Но в этом отделе, как и в десяти других, творится волшебство. И тогда малейшая неточность в расчетах может обрушить весь карточный домик.

Эрни покачал головой и поджал губы. Он ненавидит, когда чего-то не понимает.

— Все еще не врубаюсь.

— Вы когда-нибудь слышали о радиоуглеродной датировке, мистер Ватсон?

— Ну да, применяется для определения возраста объекта. И… что? Вы что, насыщаете эти штуки углеродом?

Снова раздался смех, и, хотя она смеялась над невежеством моего друга, я не мог ничего с собой поделать, от каждого звука меня обдавало теплой волной.

— Нет, нет, — сказала Цирцея. — Радиоуглеродная датировка может применяться к ограниченному числу объектов и уж точно не поможет датировать объект временами наших предков. На самом деле когда человеческие ученые обнаруживают окаменелость, то они даже не могут датировать непосредственно ее, вместо этого полагаются на возраст каменной породы, окружающей останки. Вот тут-то и начинается самое веселое.
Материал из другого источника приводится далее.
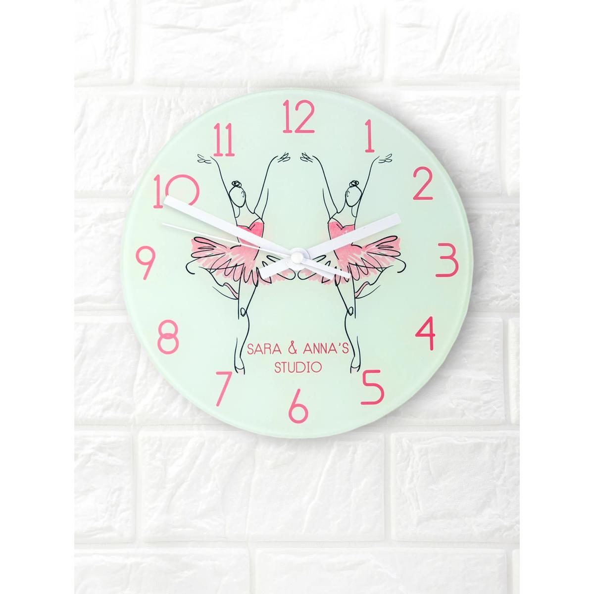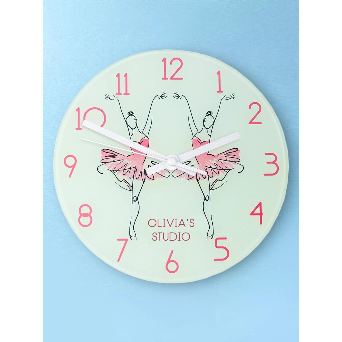 Dreaming of tutus and pirouettes? Help your child learn how to tell the time with this fun Ballet clock, which can be personalised with a child's name or two names on the front. Ideal for hanging on a bedroom wall, this glass wall clock makes a wonderful focal point with its bright and bold colour scheme.

— А что, до этого, что ли, грустно было? Мы и так тут уже веселимся.

— Позвольте объяснить. Есть два способа датировать каменную породу. Самый простой — определить ее относительное местоположение. Чем глубже слой, тем старше порода. К счастью для нас, палеонтологи придумали очень сложную систему датировок. Большая их часть была разработана много лет назад учеными при нашем Совете, а затем потихоньку навязана человеческим научным кругам, пока они не ухватились за эту систему и не одобрили ее. Затем они довели ее до совершенства, чем еще больше упростили нашу работу. Теперь, если мы хотим, чтобы люди нашли бедренную кость раптора, жившего восемьдесят миллионов лет назад, мы просто отправляемся в нужное место и копаем вплоть до нужного слоя. Даже не спрашивайте, сколько стоят инструменты для подобных раскопок. Затем мы оставляем там объект и закапываем его. Вы бы удивились, насколько всем плевать. Но если кто-то из людишек даже и начнет поднимать шумиху, то всегда найдется динозавр, положение которого на академическом тотемном столбе выше, и он пинками прогонит маленькую зарвавшуюся обезьянку с места раскопок и отправит ее домой преподавать основы археологии кучке наклюкавшихся хоккеистов.

От Цирцеи шли волны запаха, и я почувствовал аромат трав, который накатывал по мере того, как нарастало ее воодушевление. Сначала орегано, словно мы идем по итальянскому притону, но вскоре примешались еще базилик и майоран. Я крепко схватился за край стола, чтобы не дать моему разуму — да и телу тоже — уплыть в далекие леса.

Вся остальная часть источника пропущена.